Insights for the Labor Relations Professional

Senate Finance Committee Holds First Hearing on Changes to Ohio Prevailing Wage Law

Posted in Legislation, Prevailing Wage

Last year we reported on S.B. No. 72, introduced by State Senator Matt Huffman (R), which would modify Ohio law to limit the scope of prevailing wage requirements in Ohio. After being referred to the Finance Committee in March 2017, word about S.B. 72 was mum until this week, when the committee held its first hearing on the bill. To recap, S.B. 72 would make multiple key changes to Ohio law, including eliminating the requirement that political subdivisions (i.e., cities and other public entities) pay prevailing wages on “public improvements.” For a full discussion of the bill itself, see our March 2017 blog post.

Senator Huffman provided testimony on the bill, explaining its aims and proposed benefits to Ohio public projects. Huffman testified that S.B. 72 “would make participation in prevailing wage guidelines permissive, rather than required, for local governments, institutions of higher education, and mental health and specialty districts.” By allowing political subdivisions to selectively apply the Ohio prevailing wage, “smaller, rural districts” that lack the large tax base of major cities can avoid the cost barriers that the prevailing wage imposes, many times “up to 10-20% more than the [local] market rate,” according to Huffman. Huffman also testified that “many bigger cities will agree to pay the mandated wage,” but other, smaller governments are “unable to pay a higher wage,” and are “in many cases not moving projects forward due to increased costs….” Huffman believes that S.B. 72 will allow these smaller political subdivisions to move forward with needed public projects.

S.B. 72 would also relieve local governments from the extensive documentation process needed to comply with the prevailing wage law, which Huffman called “a significant burden.” Huffman further testified, “many contractors do not even want to bid a job if it is a mandated wage project due to the heavy paperwork necessary from their end.”

The Committee will continue to consider S.B. 72, and make any changes the Committee believes necessary before potentially sending the bill to the floor of the State Senate for a vote.
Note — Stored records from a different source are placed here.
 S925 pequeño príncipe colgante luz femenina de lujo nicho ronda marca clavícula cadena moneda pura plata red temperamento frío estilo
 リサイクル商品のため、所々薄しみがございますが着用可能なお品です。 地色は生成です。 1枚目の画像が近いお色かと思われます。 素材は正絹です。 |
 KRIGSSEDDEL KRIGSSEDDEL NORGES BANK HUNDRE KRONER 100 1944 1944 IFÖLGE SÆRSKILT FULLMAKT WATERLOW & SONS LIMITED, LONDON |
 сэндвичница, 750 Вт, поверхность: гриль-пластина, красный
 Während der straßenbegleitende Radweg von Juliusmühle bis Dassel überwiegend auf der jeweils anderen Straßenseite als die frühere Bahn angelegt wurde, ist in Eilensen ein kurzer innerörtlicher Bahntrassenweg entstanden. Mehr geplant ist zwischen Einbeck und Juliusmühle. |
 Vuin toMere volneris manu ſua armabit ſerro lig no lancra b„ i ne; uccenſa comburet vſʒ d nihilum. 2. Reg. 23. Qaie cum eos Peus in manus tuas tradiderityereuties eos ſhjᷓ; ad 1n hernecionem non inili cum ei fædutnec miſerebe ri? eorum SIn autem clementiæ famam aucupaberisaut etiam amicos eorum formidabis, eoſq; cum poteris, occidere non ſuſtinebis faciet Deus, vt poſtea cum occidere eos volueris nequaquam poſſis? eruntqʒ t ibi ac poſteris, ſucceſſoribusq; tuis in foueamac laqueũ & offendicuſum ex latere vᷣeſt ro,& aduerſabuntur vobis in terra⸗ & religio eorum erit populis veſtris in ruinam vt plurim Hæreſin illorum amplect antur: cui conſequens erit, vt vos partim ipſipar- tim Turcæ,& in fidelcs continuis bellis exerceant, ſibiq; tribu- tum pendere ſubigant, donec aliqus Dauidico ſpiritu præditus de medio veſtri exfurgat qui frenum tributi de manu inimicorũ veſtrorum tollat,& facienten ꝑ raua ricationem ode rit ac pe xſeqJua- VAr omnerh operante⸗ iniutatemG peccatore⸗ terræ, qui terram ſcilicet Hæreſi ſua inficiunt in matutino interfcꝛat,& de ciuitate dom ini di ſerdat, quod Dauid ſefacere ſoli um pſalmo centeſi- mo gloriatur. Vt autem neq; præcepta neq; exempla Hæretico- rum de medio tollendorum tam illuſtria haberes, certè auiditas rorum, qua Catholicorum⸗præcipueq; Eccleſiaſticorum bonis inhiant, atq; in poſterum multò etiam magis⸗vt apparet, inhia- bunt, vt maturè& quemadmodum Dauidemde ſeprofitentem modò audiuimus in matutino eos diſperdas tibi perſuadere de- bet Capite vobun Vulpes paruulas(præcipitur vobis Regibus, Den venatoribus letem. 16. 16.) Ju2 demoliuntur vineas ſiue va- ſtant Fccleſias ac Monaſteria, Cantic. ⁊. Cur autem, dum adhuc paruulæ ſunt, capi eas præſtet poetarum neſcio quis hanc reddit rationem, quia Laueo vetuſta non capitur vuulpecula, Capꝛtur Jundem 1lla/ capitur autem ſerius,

Vorysonlabor.com will keep you updated on the status of S.B. 72, and whether action is taken prior to the end of the “lame duck” session in the state legislature.

Class Actions Filed in Ohio Challenging Public Sector Employee Agency Fees and Union Dues

Posted in Courts, Union Membership

The landmark Supreme Court decision in Janus has now precipitated the filing of two new class actions, right here in Central Ohio.  Last week, public employees working at different public agencies, filed two class actions challenging not only the agency fees they have paid in the past, but also union dues they attempted to halt after the Janus decision issued.
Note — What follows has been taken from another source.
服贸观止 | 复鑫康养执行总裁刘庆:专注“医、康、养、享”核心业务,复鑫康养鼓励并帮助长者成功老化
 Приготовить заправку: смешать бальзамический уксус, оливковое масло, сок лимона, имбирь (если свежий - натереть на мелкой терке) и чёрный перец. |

As a quick recap, Janus held that public sector employees cannot be forced to pay mandatory agency fees to a public sector union if they are not a member of the union. In the Court’s words:  “Neither an agency fee nor any other payment to the union may be deducted from a nonmember’s wages, nor may any other attempt be made to collection such a payment, unless the employee affirmatively consents to pay.”  The Court reasoned that requiring payment of such fees is akin to forcing employees to subsidize the speech of public sector unions, in violation of their First Amendment free speech rights.

One of the two class actions, Ogle v. Ohio Civil Service Employees Association, AFSCME, Local 11, involves a class of agency-fee payers. The plaintiff, an employee of the Ohio Department of Taxation, brings class action claims on behalf of all public employees represented by the Ohio Civil Service Employee Association, an AFSCME Local in Ohio. The lawsuit seeks to have Ohio’s agency fee law declared unconstitutional in light of the Janus decision, along with obtaining back payments from the OCSEA for agency fees it has impermissibly taken from employees.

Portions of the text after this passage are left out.